Originally Posted by *mamazee*
I have no idea what SID is. I even googled. Please define "SID". Thanks.

http://www.google.com/search?sourcei...ion%20disorder


----------



## USAmma (Nov 29, 2001)

Not having read the other responses yet . . .

Your examples are very true about what to do and not to do. However SID is a neurological problem, not a personality problem. I have two kids with SID: one is very spirited and high needs, and one is actually quite mellow. More like quietly stubborn.

They were dx by OT's. My first dd had a child psychologist and 3 OT's look at her and they all came to the same conclusion. They couldn't just be making that up. Her preschool teacher (when she was in school) approached me and had concerns about odd behaviors without me telling her anything. This is a teacher who sees a lot of kids and has experience on what is normal and not normal.

My baby was dx at 6 mos. old by an OT and redx at 10 mos by another OT to get qualified for state services. She recieved therapy and it helped her a *lot*. Especially brush therapy, which wouldn't do anything for a normal baby, even a spirited one.

Both girls had/have reflux, gag issues, feeding problems. Nitara tended to avoid stimuli. Abi craved it. Two spectrums within SID. Both are outgrowing it, as their father did (he also had sensory issues, reflux, and severe eating/gagging problems).

Even with their issues, there is certain behavior that is and is not acceptable. If the situation is not a good fit, we don't go. It's somewhat isolating but the alternative is going and making myself and others uncomfortable.

Abi is much, much better the older she gets but still has some SID-dy stuff that she does. Nitara still does not eat by mouth and gags and vomits a lot but is also getting better very slowly.

I agree that we should focus on them as people, not as disorders. They may have special needs and I need to realize that and plan accordingly.

I don't use their dx to make excuses for them or use that as an excuse for myself to not bother parenting them and teaching them right from wrong. On the contrary, most parents whose kids are dx with something were concerned enough to seek out help in the first place.
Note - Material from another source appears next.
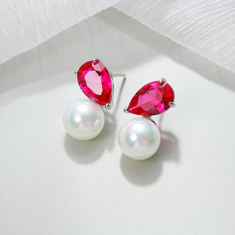 Cercei din otel inoxidabil cu perle din cristal si cristale zirconii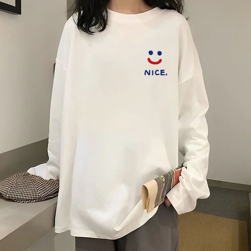 220G 간단한 이너 베이스 셔츠 여성의 가을 긴 소매면 어깨 티셔츠 남성 둥근 목 단색 연인 옷 도매스토어 가기

Parenting a child who is not exactly normal and average is very hard work and it takes 10 times the effort to teach Abi to share and have compassion, etc. that it might take the parents of a child without issues. I often laugh inside at some of the suggestions made her by parents in response to a question about discipline and child behavior because Abi would not have responded well to anything. I read so many discipline/childrearing books including AP ones and nothing much worked for her. She just didn't "get it" when I used the suggestions in the books or else she just didn't care, if she did get it. I had to find my own methods that worked just for her. That is very hard work. I'm always on my toes with her.


----------



## PumpkinSeeds (Dec 19, 2001)

:

My son also has gagging and other eating related issues (although not so much as Nitara)


----------



## mamazee (Jan 5, 2003)

Quote:


Originally Posted by *Mothra*
http://www.google.com/search?sourcei...ion%20disorder

Thanks. I'd answer yes to 6 of the things on that checklist, which is only a little over half, so I don't think my daughter has that.
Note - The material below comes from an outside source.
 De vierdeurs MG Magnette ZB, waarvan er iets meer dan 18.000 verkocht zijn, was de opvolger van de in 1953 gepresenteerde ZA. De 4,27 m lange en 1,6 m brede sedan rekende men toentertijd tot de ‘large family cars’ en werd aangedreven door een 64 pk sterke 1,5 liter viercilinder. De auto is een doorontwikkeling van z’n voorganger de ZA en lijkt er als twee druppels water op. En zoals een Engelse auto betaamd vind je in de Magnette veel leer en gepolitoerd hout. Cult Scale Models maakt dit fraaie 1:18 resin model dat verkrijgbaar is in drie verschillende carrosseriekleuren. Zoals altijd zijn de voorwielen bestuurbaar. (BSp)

In response to the OP, I think that what's happend is that issues that have always existed have been given names so that parents can find a way to help their kids. So kids have always had the traits that now lead to different diagnoses, but no diagnoses were available in the past -- parents just worked with the hand they were dealt without help, and perhaps mislabeled and responded inappropriately to problems as a result. Now that these problems have been given a name, parents are able to find help.

I'm not a psychologist or doctor so I have no way of knowing whether things like SID, ADHD, etc., are over-diagnosed, under-diagnosed, or diagnosed just about the right amount of the time. What leads you (OP) to believe they are over-diagnosed?


----------



## Jennifer Z (Sep 15, 2002)

I think one of the main problems with comparing 'today's kids' with "when we were kids" is that we don't really remember things accuratly. We tend to romanticize the past a bit.

I know there are times (pre-parenting) where I would say "I can't beleive those parents let them get away with that...I would have NEVER been allowed to act that way!" My mom, however, pointed out that I DID act that way...I might have been in trouble for it, but I certainly did act like that. Kids don't change. Plus, I think there was more acceptance, to some degree, of kids being kids...they are loud, they are dirty, they don't get social graces. There used to be more of a seperation of 'kid places' and 'adult places', so you didn't see kids running around at the opera (to use your example), but you certainly saw kids running around in diapers/undies in a perpetual state of dirty running around in back yards. If you look back culturally to 'the little rascals" you can see that there was more of a 'kid's world' and an 'adult world'. Kids acted the same way, they just weren't in situations where they were expected to act like little adults as often.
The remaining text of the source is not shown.